TALBOT SMITH, Senior District Judge.

This case is before us on the petition of LaCrescent Constant Care Center, Inc. (Company) to set aside an order of the National Labor Relations Board requiring it to bargain with the Minnesota Council # 65, American Federation of State, County and Municipal Employees, AFL-CIO (Union). The Board cross-petitions for enforcement of its order. 1 The Company urges that its refusal to bargain is justified because the Board’s certification of the Union is invalid. It asserts that the representation election upon which the certification is based was tainted by material misrepresentations made by a Union organizer, Mr. Roth, during the election campaign. We agree and decline enforcement.

The Company is a Minnesota corporation which operates a proprietary nurs *1320 ing home in LaCrescent, Minnesota. On June 5, 1973 the Union won a Board-conducted consent election by a vote of twenty-six to twelve with no void or challenged ballots. 2 The Company filed timely objections to the conduct of the election, asserting that the Union had so misrepresented its financial condition to the employees as to preclude the free choice of a bargaining agent. 3

The Acting Regional Director made an investigation and found evidence that Roth had made misrepresentations to the employees. These pertained to the Company’s profit position and hence bore directly upon its repeated assertions to its employees that it could not pay higher wages because it was losing money. The truth was, as the Director found, that “in fiscal 1972, the employer actually suffered a loss.” He concluded, however, that “the employees were in a position to independently evaluate Roth’s statement. In addition, I am not convinced that the alleged misrepresentation was so substantial as to warrant setting aside an election. * * * I' therefore find that the alleged misrepresentation, if made, did not affect the results of the election.” 4

Again the Company filed exceptions; their principal thrust, as before, was directed towards the “false statements” made by the Union organizer to the effect that the Company was making a “substantial, even excessive, profit,” and that a Minnesota court had denied relief to the Company in a welfare lawsuit because of excessive profits.
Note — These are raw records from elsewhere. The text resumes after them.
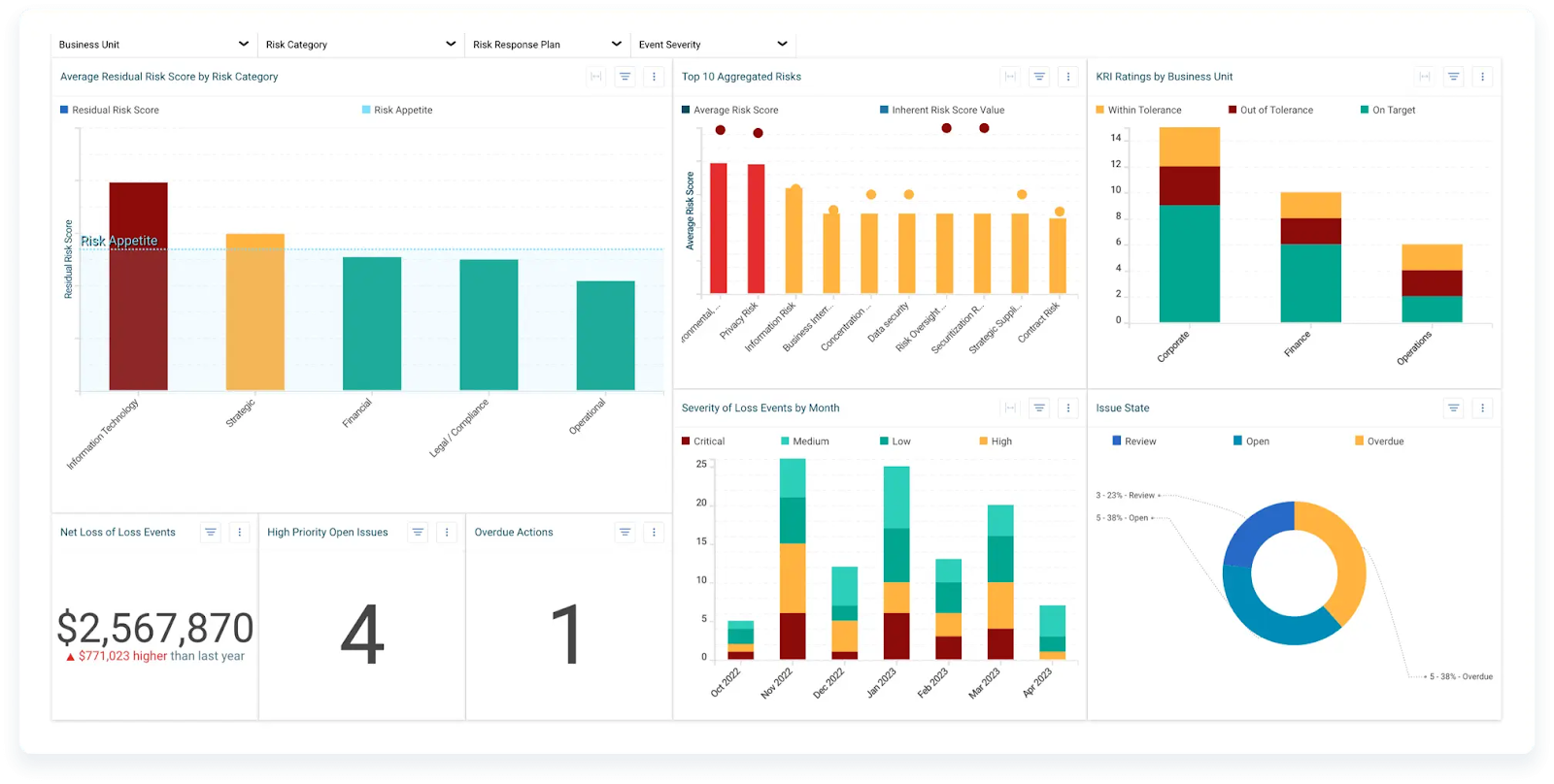 - Reporting dashboards — giving teams a quick view of risk trends, open issues, and overdue actions.
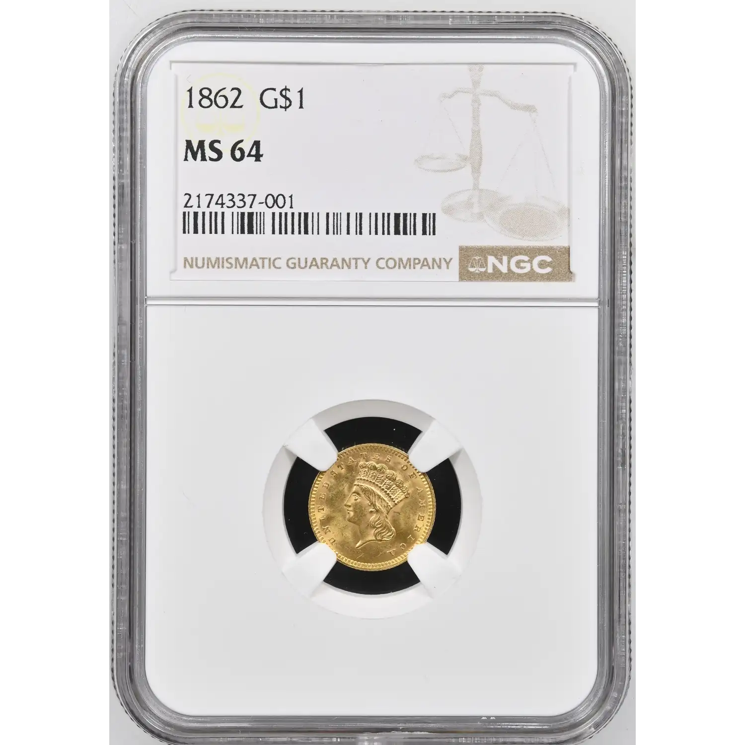 1862 Indian Princess Large Head Gold Dollar NGC MS-64
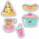5 adesivos cortados com pizza estilo Kawaii, cachorro quente, bolo de xícara, macarrão ramen e uma bebida. Cada imagem se destaca separadamente. Ótimo para diários de rabiscos, scrapbooking e marketing de restaurantes.
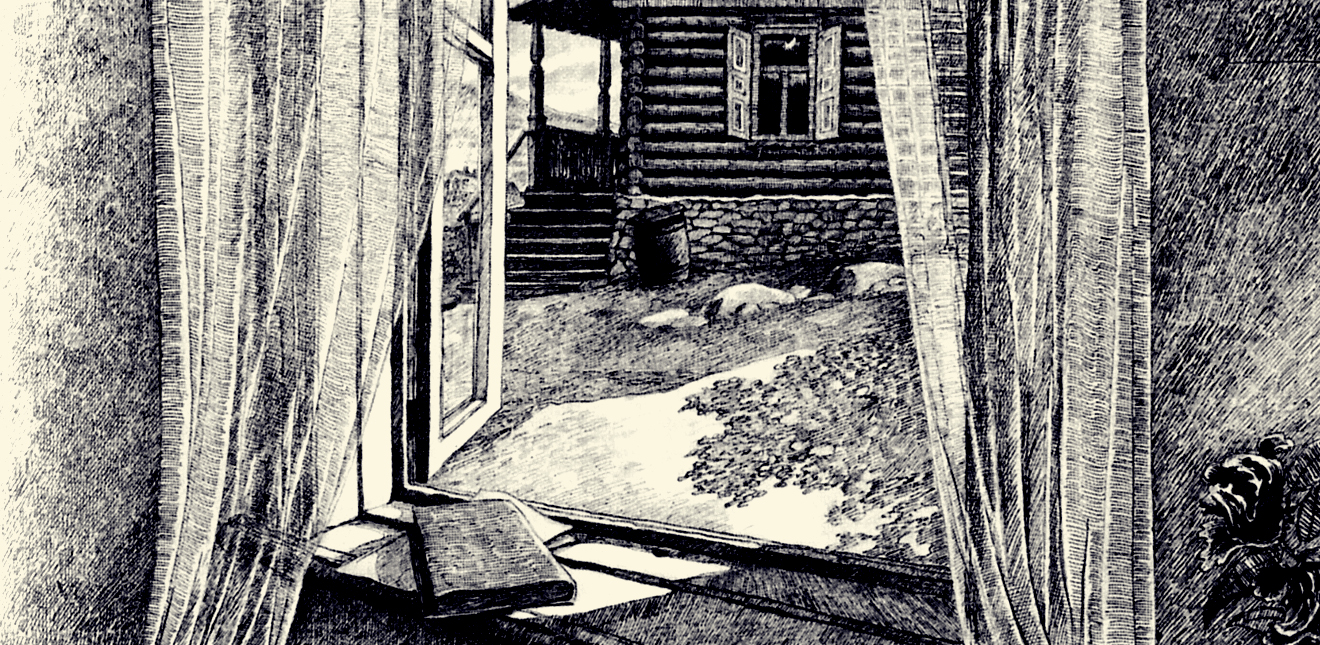 Эскиз декораций к фильму «Журналист» (1966). Вид на деревенский двор. Бумага, карандаш графитный, тушь, перо. Киноведческие записки. 2011/2012. № 99.
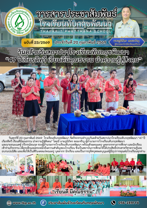 วันศุกร์ที่ 20 กุมภาพันธ์ 2569 โรงเรียนทับกฤชพัฒนา จัดกิจกรรมทำบุญวันคล้ายวันสถาปนาโรงเรียนทับกฤชพัฒนา ครบรอบ 47 ปี โดยมี นายภูมิภัทร ลอยเจริญ ผู้อำนวยการโรงเรียนทับกฤชพัฒนา และนายธนะเมศฐ์ กวีกรณ์ธนกุล รองผู้อำนวยการโรงเรียนทับกฤชพัฒนา พร้อมด้วยคณะครู บุคลากรทางการศึกษา และนักเรียน เข้าร่วมกิจกรรม เพื่อระลึกและตระหนักถึงความสำคัญของโรงเรียน ซึ่งเป็นสถาบันการศึกษาที่ได้ประสิทธิ์ประสาทวิชาความรู้และอบรมบ่มนิสัย และเพื่อให้เป็นสิริมงคลแก่คณะครู บุคลากร นักเรียน และเป็นการอุทิศกุศลผลบุญแด่ผู้มีอุปการคุณต่อโรงเรียนทุกท่าน |
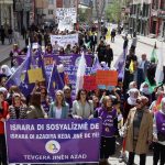 Di tevahiya rojê de li qadê dirûşmên “Jin, jiyan, azadî”, “Maf, hiqûq, edalet”, “Em ê bi berxwedanê bi ser kevin”, “Li dijî faşîzmê mil bidin milên hev” û “Bijî Serok Apo” hatin berzkirin.
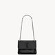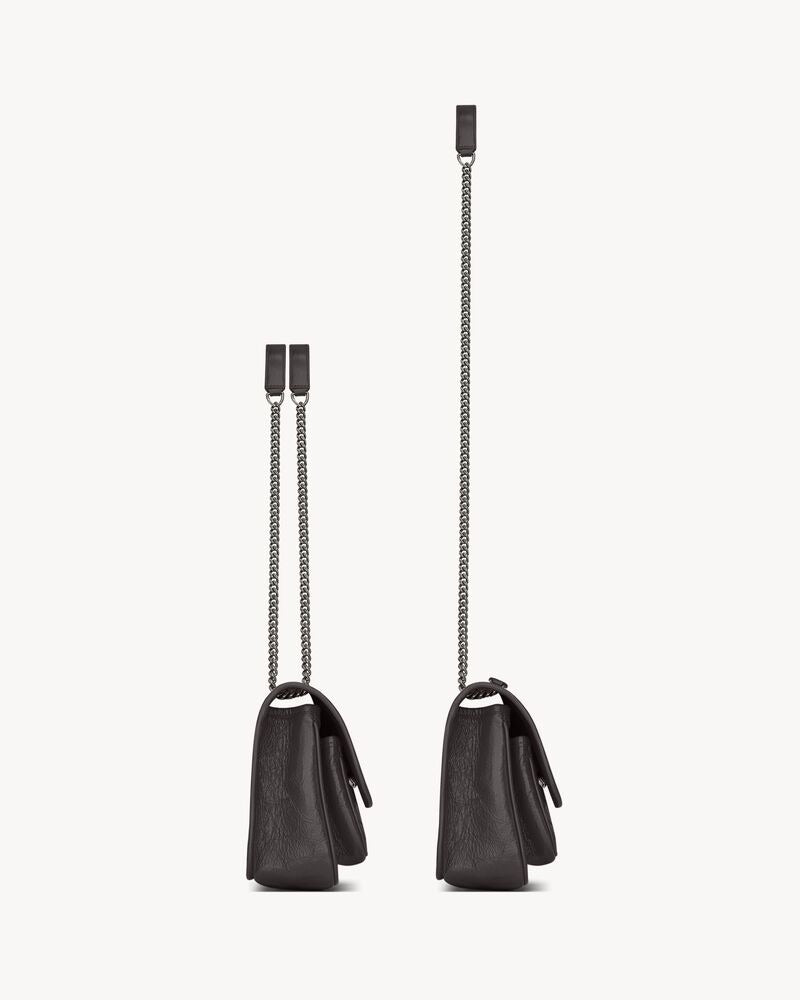 Features a sliding chain strap that can be worn on the shoulder or crossbody.
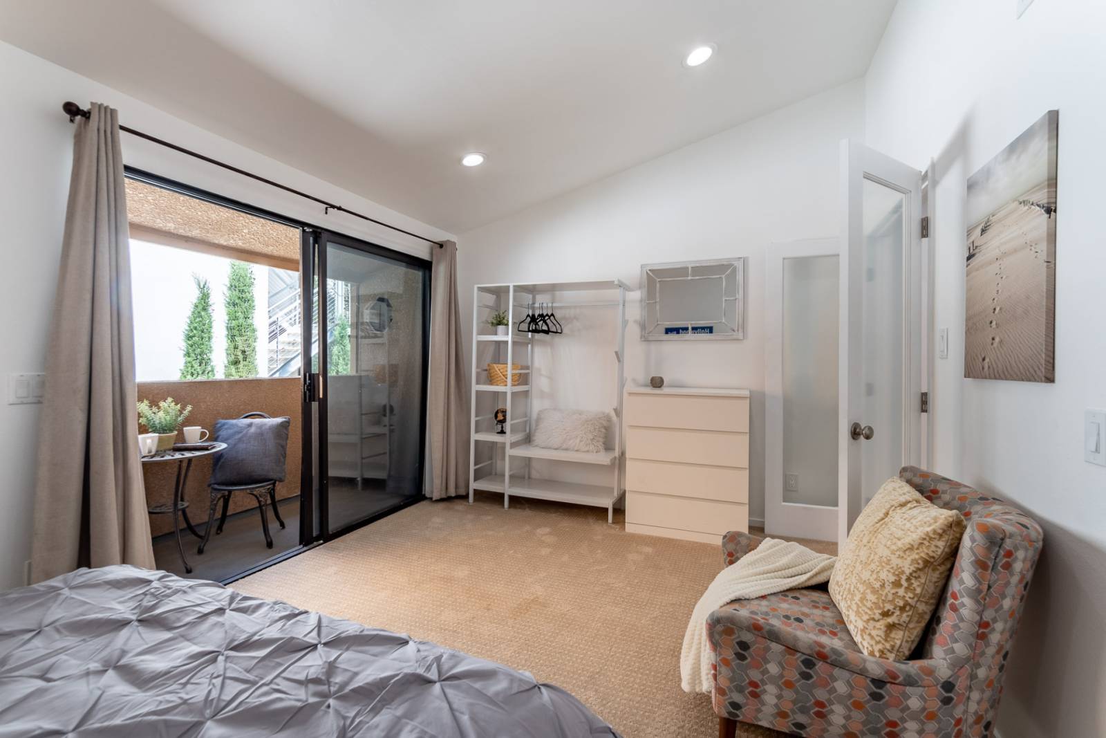 Primary Bedroom with Memory Foam Queen Size bed and private quiet balcony access. Converted large walk-in closet into a private office space for those Zoom calls or great meditation space.
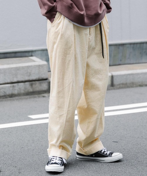 FORK&SPOONのアイコンにもなっているワイドパンツのアイテムから、秋冬に重宝するアイテムが今季も登場。秋冬にマストで持っておきたいコーデュロイパンツを表情ある太畝で仕上げ、存在感が際立つ一本に。すっきりと魅せる二タック仕様、ワイドながらも裾にかけて緩やかなラインのテーパードシルエットで仕上げることで野暮ったさを押さえ、カジュアルながらも上品さも取り入れました。【FORK&SPOON(フォークアンドスプーン)】DOORSのプライベートレーベル。その名前のとおり「毎日食事を摂るように、毎日大切に着てほしい」という思いが込められています。毎日着たくなる様な心地のよいベーシックスタイルは、世代を超えてお楽しみいただけます。-----------------------------透け感 : なし伸縮性 : なし裏地 : なし光沢 : なし生地の厚さ : 普通デザイン : スタンダード-----------------------------※この商品は、素材の特性上、洗濯の際多少縮むことがあります。※この商品は、素材の特性上、毛玉や毛羽立ちが発生することがありますのでご注意ください。※その他お取り扱いに関しましては、商品に付属のアテンションタグをご覧ください。※商品画像は、光の当たり具合やパソコンなどの閲覧環境により、実際の色味と異なって見える場合がございます。予めご了承ください。※商品の色味の目安は、商品単体の画像をご参照ください。モデル身長:176cm着用サイズ:4洗濯表記:洗濯機洗い可 , ドライクリーニング※詳しい洗濯方法については、商品の品質表示タグをご覧ください
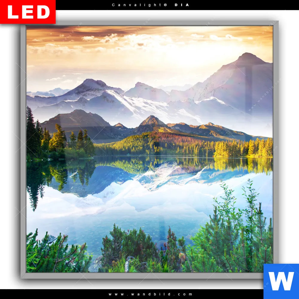 Canvalight® DIA Leuchtbild | Sonniger Tag am Bergsee | Quadrat
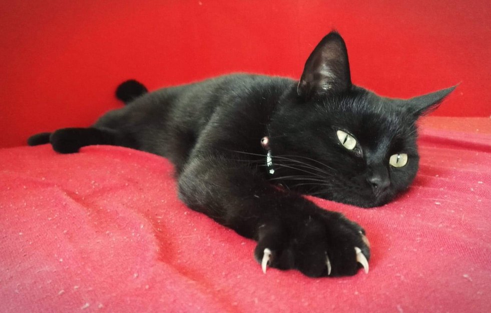 Hun er helt svart. Rød halsbånd. Er veldig kosete og kontakt søkende. Hun er ID chippet og har øre merke og er sterilisert.
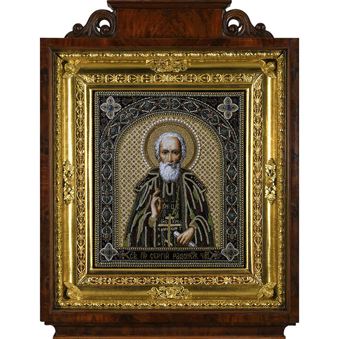 Вышитая икона "Святой Преподобный Сергий Радонежский" в раме и киоте
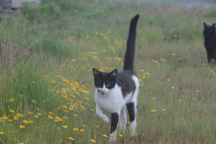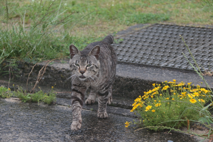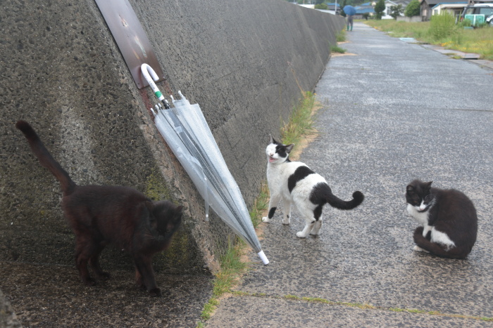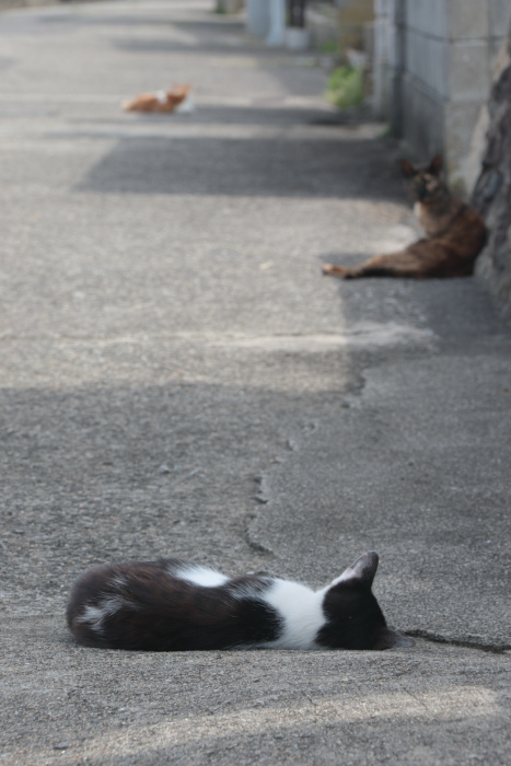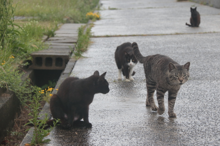 まだ地面が濡れているのですが、猫たちは意に介していないようで。さすが島猫。たくましい。

The exceptions also attacked the Director’s conclusion that the employees were in a position to “independently evaluate” the Union statements.

The Board, however, with Member Kennedy dissenting, rejected the objections made, adopted the Acting Regional Director’s Report and found ' that the Company’s exceptions “raise no material issues of fact or law which would warrant the holding of a hearing or reversing the findings, conclusions, and recommendations of the Acting Regional Director.” It thereupon certified the Union as the bargaining agent. 5

*1321 Thereafter, the Company refused to bargain with the Union, and the Board issued a complaint alleging a refusal to bargain in violation of §§ 8(a)(1) and (5) of the National Labor Relations Act, 29 U.S.C. §§ 158(a)(1) and (5). The Company admitted its refusal to bargain, but contended that it was justified in its refusal because the certification was invalid for the reasons urged in its objections to the election. 6 The Company and the Union entered into a stipulation stating that the Board should “transfer this proceeding to the Board for final determination,” 7 that there were “no issues of fact which would warrant a hearing,” and that both parties “waive the right to a hearing before the Administrative Law Judge,” the filing of briefs, and other procedural steps. 8

The cause was thereupon submitted to the Board which granted the General Counsel’s motion for summary judgment on the ground that all issues in the case were or could have been litigated in the representation proceeding. 9 This action followed.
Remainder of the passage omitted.